■ RECORDED DATA:
****

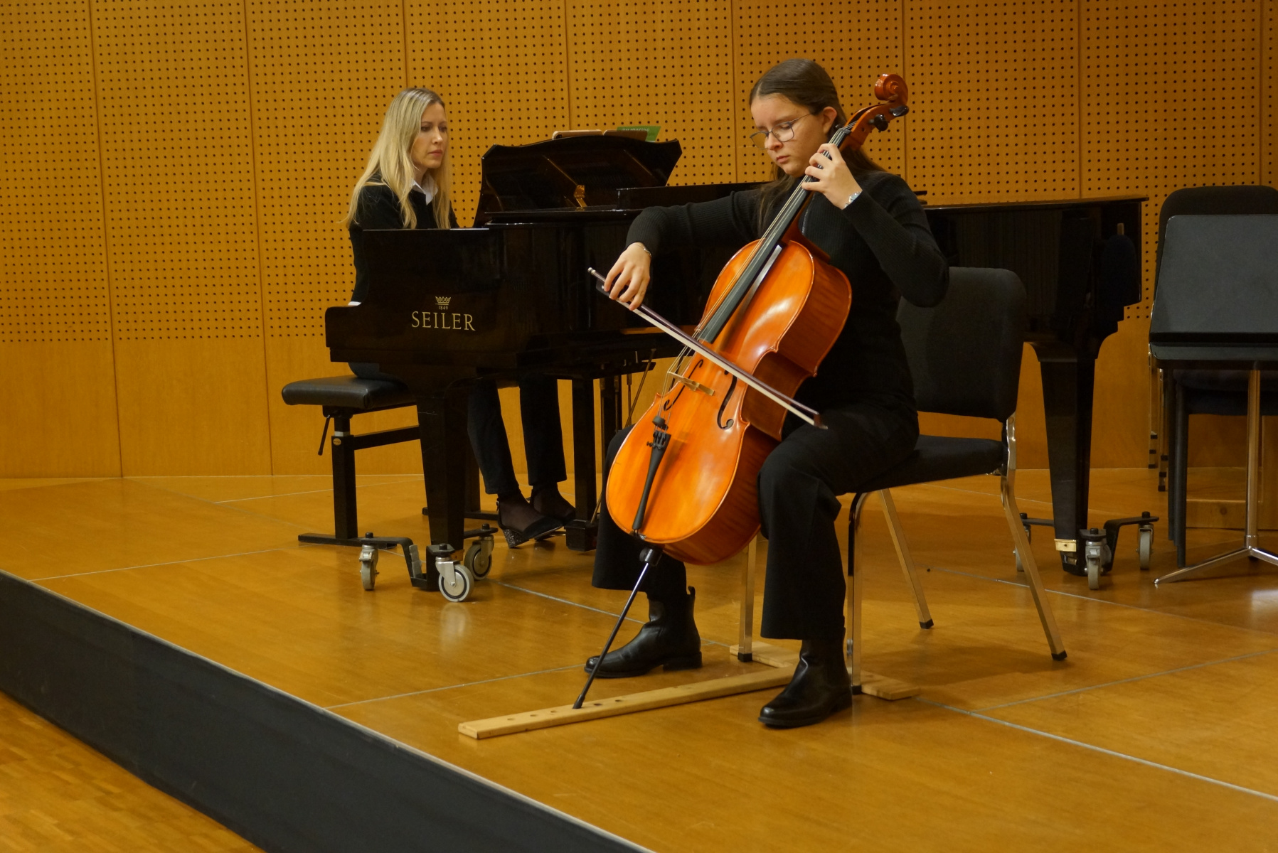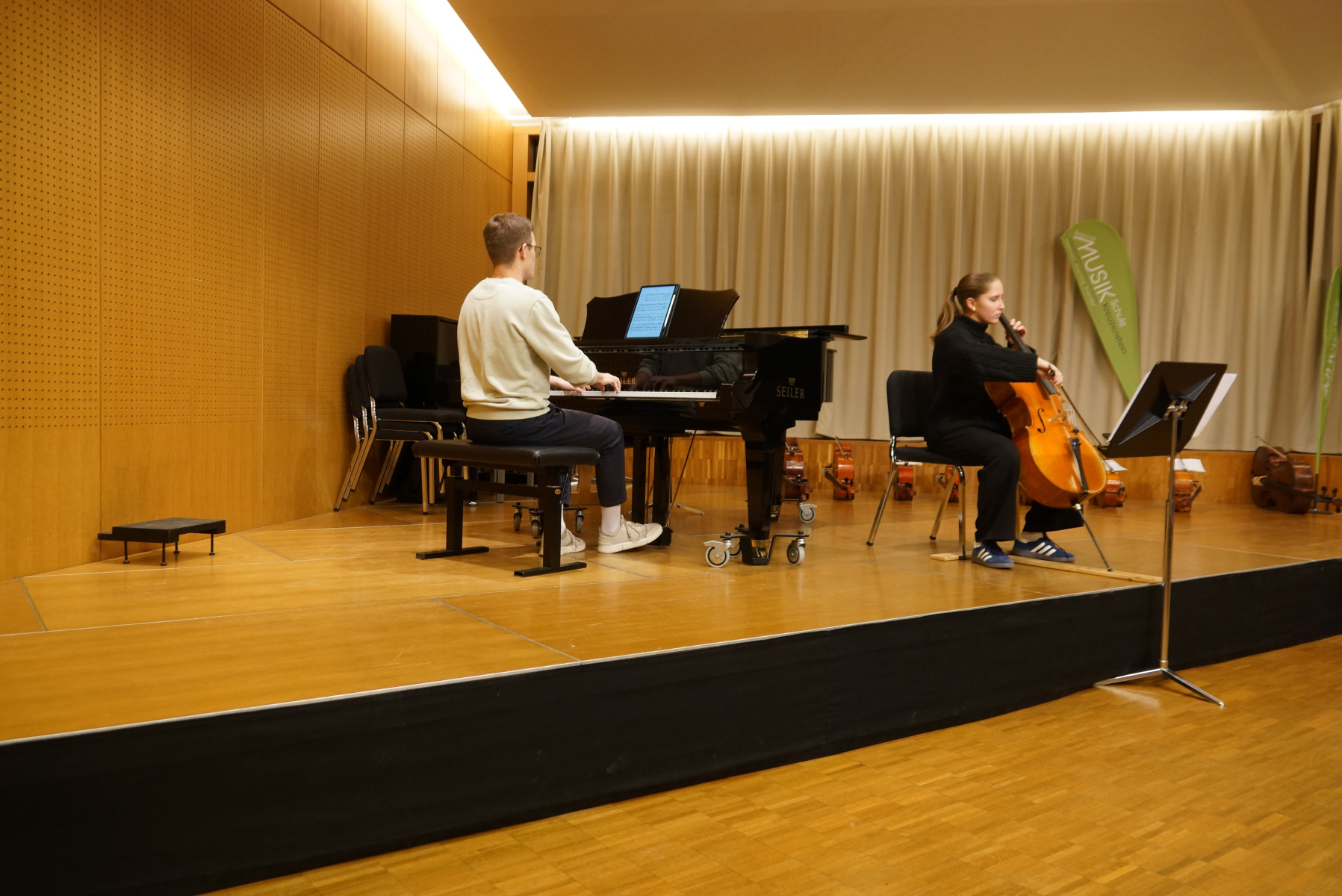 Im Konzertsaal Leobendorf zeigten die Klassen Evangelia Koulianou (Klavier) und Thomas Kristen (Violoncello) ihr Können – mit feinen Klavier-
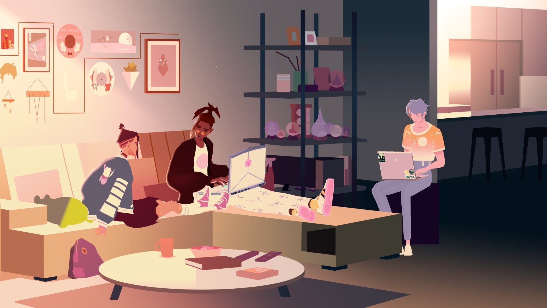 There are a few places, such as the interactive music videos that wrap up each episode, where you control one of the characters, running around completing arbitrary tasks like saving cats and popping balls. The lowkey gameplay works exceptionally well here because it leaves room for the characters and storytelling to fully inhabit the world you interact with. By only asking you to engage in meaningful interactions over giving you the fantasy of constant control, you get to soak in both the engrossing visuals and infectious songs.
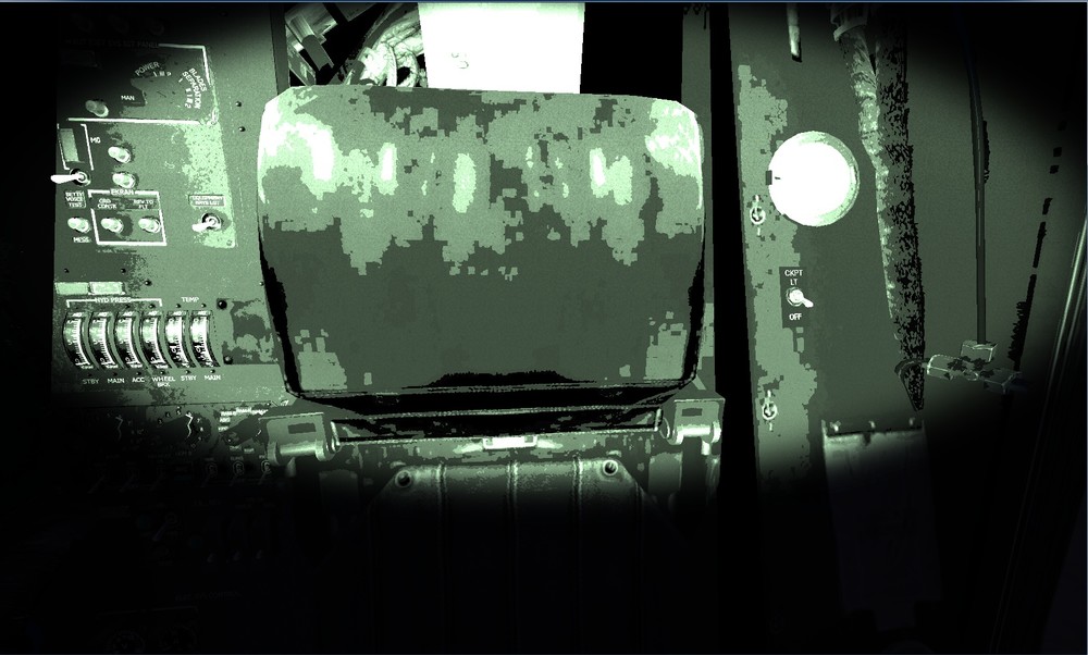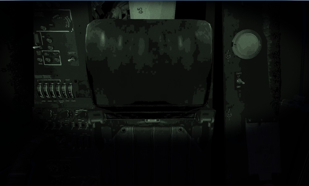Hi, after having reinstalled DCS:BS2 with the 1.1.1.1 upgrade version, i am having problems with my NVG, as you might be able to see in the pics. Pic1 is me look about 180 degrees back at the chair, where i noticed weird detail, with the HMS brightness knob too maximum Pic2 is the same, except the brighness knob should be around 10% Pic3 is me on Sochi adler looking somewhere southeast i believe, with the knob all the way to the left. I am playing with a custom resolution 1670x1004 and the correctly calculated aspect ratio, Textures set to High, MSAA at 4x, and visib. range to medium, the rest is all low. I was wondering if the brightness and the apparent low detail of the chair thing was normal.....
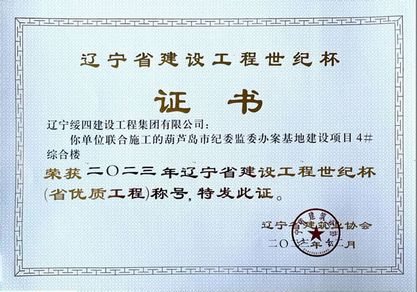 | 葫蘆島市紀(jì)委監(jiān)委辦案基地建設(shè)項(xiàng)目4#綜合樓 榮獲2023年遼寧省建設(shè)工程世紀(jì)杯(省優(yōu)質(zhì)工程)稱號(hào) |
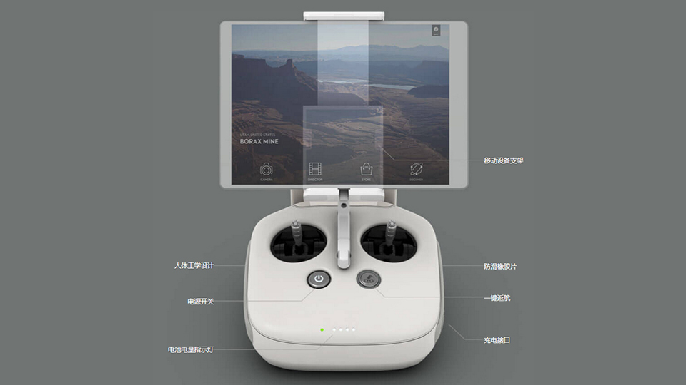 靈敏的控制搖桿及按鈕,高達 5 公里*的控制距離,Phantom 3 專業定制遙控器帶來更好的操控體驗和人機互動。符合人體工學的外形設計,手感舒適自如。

****

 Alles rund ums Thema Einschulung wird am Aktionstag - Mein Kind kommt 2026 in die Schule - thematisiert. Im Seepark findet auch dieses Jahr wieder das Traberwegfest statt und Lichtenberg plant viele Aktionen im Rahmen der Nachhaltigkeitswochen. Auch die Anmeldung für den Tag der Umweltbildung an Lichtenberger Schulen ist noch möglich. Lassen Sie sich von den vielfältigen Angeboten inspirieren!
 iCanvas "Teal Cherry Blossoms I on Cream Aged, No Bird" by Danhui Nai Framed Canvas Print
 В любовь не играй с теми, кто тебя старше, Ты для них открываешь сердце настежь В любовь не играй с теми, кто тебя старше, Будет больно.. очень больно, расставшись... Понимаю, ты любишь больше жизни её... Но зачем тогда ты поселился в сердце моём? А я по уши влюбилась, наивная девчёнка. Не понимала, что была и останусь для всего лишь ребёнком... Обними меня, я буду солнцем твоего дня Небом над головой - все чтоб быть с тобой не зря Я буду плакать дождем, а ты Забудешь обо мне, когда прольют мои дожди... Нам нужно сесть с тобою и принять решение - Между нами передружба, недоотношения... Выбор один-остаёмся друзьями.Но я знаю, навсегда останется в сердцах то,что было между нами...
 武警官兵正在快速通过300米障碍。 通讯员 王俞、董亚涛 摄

****

■ YOUR GOAL:
From the records above, transcribe only the stretch from the line with "Im Konzertsaal Leobendorf" through the line with "There are a", keeping both ends. Omit pictures.

■ ANSWER SECTION:
 Im Konzertsaal Leobendorf zeigten die Klassen Evangelia Koulianou (Klavier) und Thomas Kristen (Violoncello) ihr Können – mit feinen Klavier-
 There are a few places, such as the interactive music videos that wrap up each episode, where you control one of the characters, running around completing arbitrary tasks like saving cats and popping balls. The lowkey gameplay works exceptionally well here because it leaves room for the characters and storytelling to fully inhabit the world you interact with. By only asking you to engage in meaningful interactions over giving you the fantasy of constant control, you get to soak in both the engrossing visuals and infectious songs.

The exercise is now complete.